§ **Task description**
Set down precisely the lines from the line with "результат не заставил" through the end of the material, inclusive, and no pictures.

§ **Exercise data**
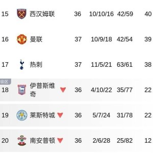 竟真不如降级队曼联近8轮仅拿2分,排英超倒1&比圣徒还少1分
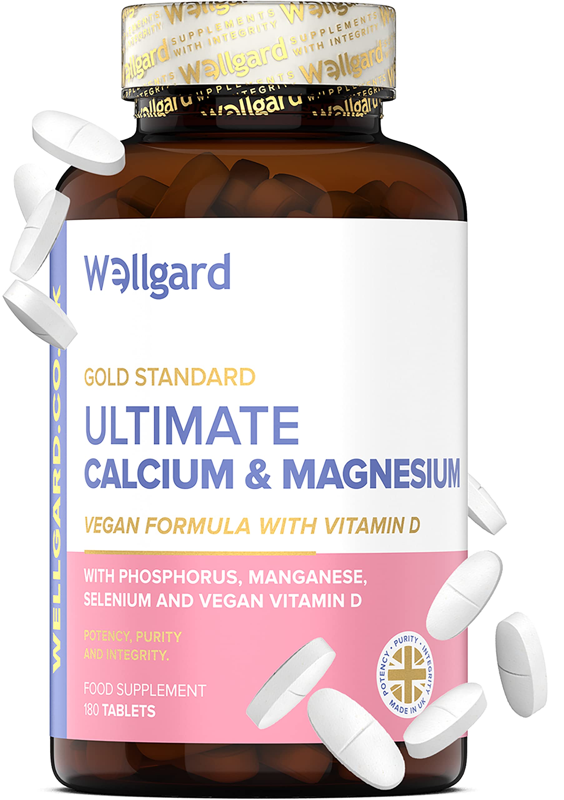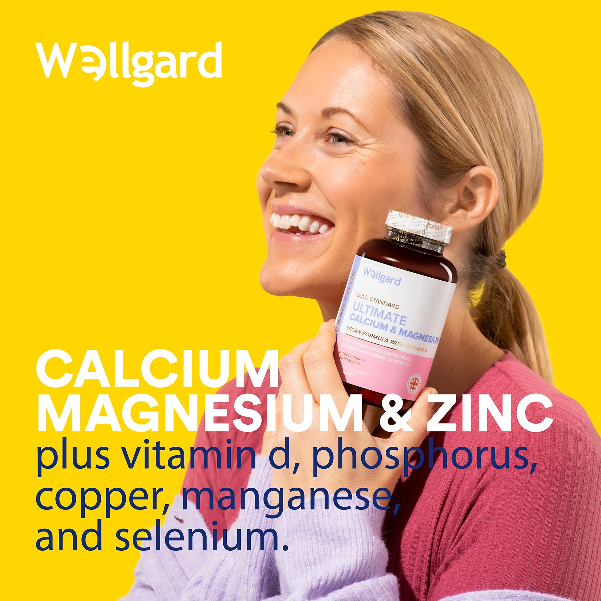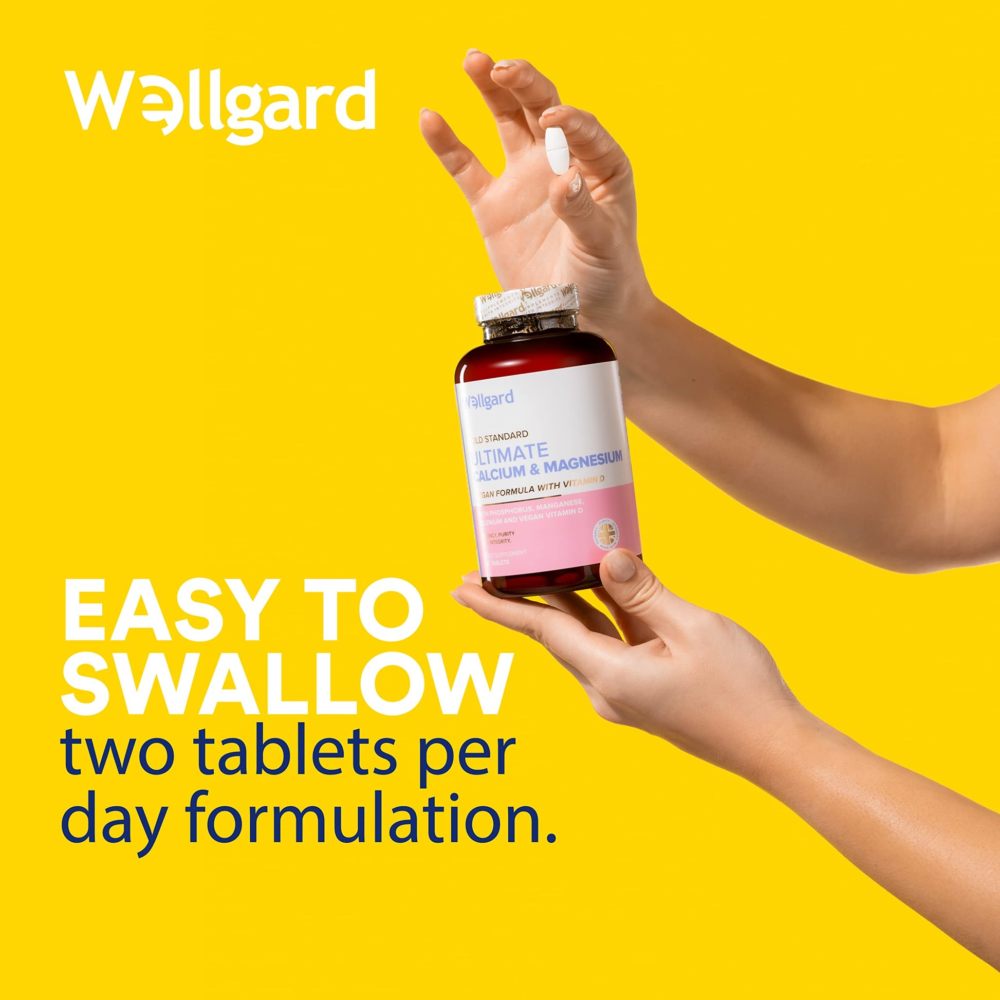 Wellgard Vegan Calcium Magnesium Zinc and Vitamin D Capsules - Calcium Supplement, Calcium Tablets with Phosphorus, Manganese, Selenium, Copper, Made in UK
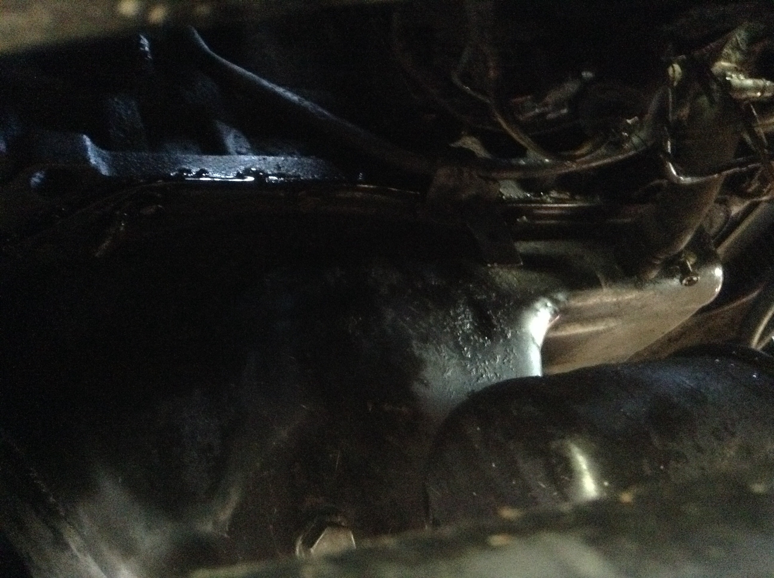 результат не заставил себя ждать, похоже бежит с правой стороны из под крышки поддона, там за минуту набирается несколько капель и текут в конец двигателя по шву между блоком и поддоном, вот на фото видно плохо но видно
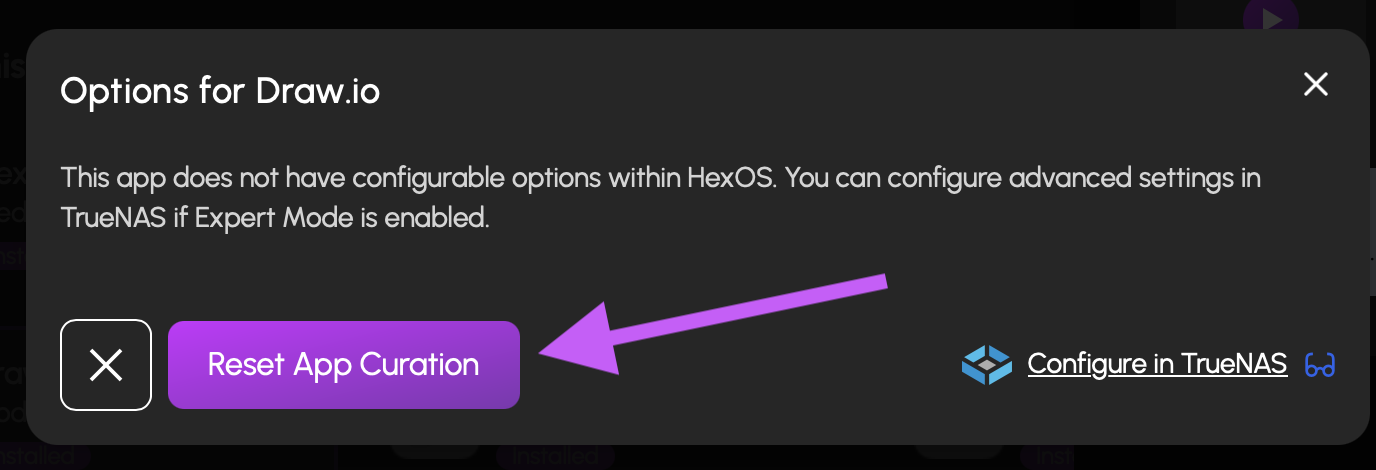 If the settings on an app were changed in TrueNAS you can use Reset App Curation to bring it back to the HexOS default configuration.

§ **Output for this exercise**
 результат не заставил себя ждать, похоже бежит с правой стороны из под крышки поддона, там за минуту набирается несколько капель и текут в конец двигателя по шву между блоком и поддоном, вот на фото видно плохо но видно
 If the settings on an app were changed in TrueNAS you can use Reset App Curation to bring it back to the HexOS default configuration.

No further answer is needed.